Самодержавие так и обещало: оно не поступится ничем! оно не прислушается и к самым доброжелательным подданным! Ибо только Оно одно (без народного Собора, с приближёнными бюрократами, обсевшими лестницу взаимных привилегий) ведает подлинные нужды России.
Но, теряя надежду на добрую волю российской власти, тем упорнее отстаивало и земство своё общественное понимание. Всё более складывался
Тут – незаметно, нерезко, как и все истоки истории, началось перерождение земской среды: раскол земства, очень неравный, на разливанное большинство и крохотное меньшинство; и нарастающее общение, объединение этого большинства с не-земцами – кругами городских самоуправлений, кругами судейского сословия, особенно адвокатами, с интеллигенцией профессиональной – в общее формирование
He-земцы были в курсе всех западных социалистических учений, течений, решений, всё читали, знали, обо всём судили, могли очень уверенно критиковать и сравнивать Россию, и одного только не имели – практического государственного опыта, как делать и строить, если завтра вдруг придётся самим (да не очень к тому и тянулись). Напротив, земцы были единственным в России слоем, кроме царских бюрократов, кто уже имел долгий, хотя и местный, опыт государственного управления, и склонность к тому имел, и землю знал и чувствовал, и коренное население России. Однако по бойкости и эрудированности не-земцы брали верх, больше влияли и больше направляли.

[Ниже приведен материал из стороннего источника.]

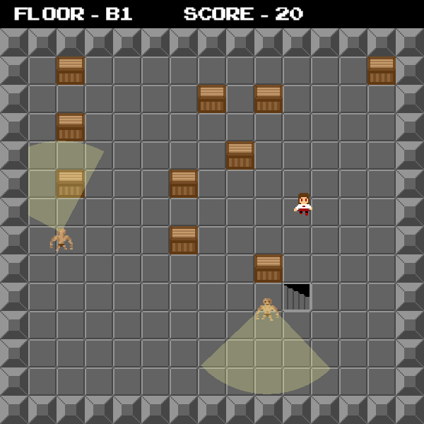 If a monster sees the player, it will begin to chase them until they hide in one of the crates around the room.

Союз начал с программы из двух слов: долой самодержавие! Это всех объединит! Они полагали, что вся масса тёмного неграмотного народа только и жаждет политических свобод. Лишь бы свергнуть монархию! – а там дальше волшебное всеведущее Учредительное Собрание, состоящее из сверхлюдей, точно выразит волю народа, разработает всё остальное. Царствующий монарх должен быть уже отныне, прежде Учредительного Собрания, устранён от всякого влияния на государственную жизнь. От существующего строя не требовалось ни перестраиваться, ни улучшаться, а только: сгинуть.
Прошёл год – оказалось, что программа “долой самодержавие” не увлекла ни крестьянство, ни рабочих. Тогда разработали программу обширнее, где тех и других завлекали практическими обещаниями по их части, а весь народ в целом, вероятно же изнывающий от страсти к политической жизни, – набором буйных свобод, которые её обеспечат. В трёх десятках пунктов было собрано всё необходимое, чтобы составить жизнь по лучшим западным образцам. (Против которых невозможно найти разумные аргументы, пока не испытаешь их на своей стране и на себе.)

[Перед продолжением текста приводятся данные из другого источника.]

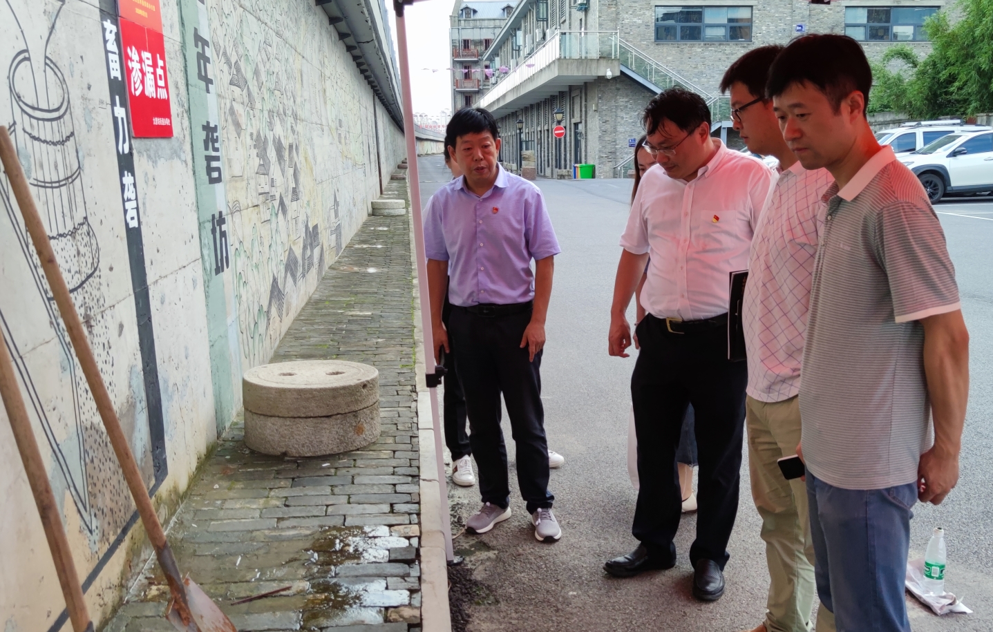 最后,調研組一行來到園區防洪墻向防汛值守人員表示慰問。

Принцип “долой самодержавие” как будто давал объединение со всеми, кто только хотел. Русский радикализм (он продолжал называть себя либерализмом) оказывался солидарен со всеми революционными направлениями, а поэтому не мог осуждать террор, даже порицал тех, кто порицает террор. Русский радикализм принял принцип, что если насилие направлено против врага – оно оправдывается. Оправдывались все политические волнения, стачки и погромы поместий. Чтобы смести самодержавную власть, была пригодна, наконец, хотя бы и революция – во всяком случае меньшее зло, чем самодержавие.

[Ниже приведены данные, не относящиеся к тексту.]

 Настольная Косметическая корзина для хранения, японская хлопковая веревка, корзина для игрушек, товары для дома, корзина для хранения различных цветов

Редактор “Освобождения” многоищущий Пётр Струве к тому времени чем только не перевлёкся, где только не перебывал: и основывал РСДРП (и манифест писал), и во Пскове совещался с Лениным-Мартовым об “Искре”, и соглашался и расходился с Плехановым, и вот теперь в органе свободных либералов печатал:
Русскому либерализму не поздно ещё стать союзником социал-демократии.
А вот и поздно! – II съезд РСДРП оттолкнул либералов-освобожденцев, чем глубоко огорчил и уязвил их. И в октябре 1904 ни большевики, ни меньшевики не поехали в Париж на 1-ю (и последнюю) конференцию оппозиционных партий, где Милюков, Струве и князь Долгоруков, по принципу солидарности с революционными течениями, заседали с эсерами, с Азефом и с пораженцами, кто на японские деньги закупал оружие и слал его в Петербург поднимать восстание, пользуясь войною. (Так как в борьбе с самодержавием все средства хороши, то хоть и узнать бы о японских деньгах – почему не взять?)
Императорское правительство ещё существовало, но в глазах освобожденцев как бы уже и не существовало. Чего они никак не представляли, это – чтоб между нынешней властью и населением кроме жестоких противоречий была ещё и жестокая связь гребцов одного корабля: идти ко дну – так всем. Чего Освободительное Движение вообразить не могло и не желало – это достичь своих целей плавной эволюцией.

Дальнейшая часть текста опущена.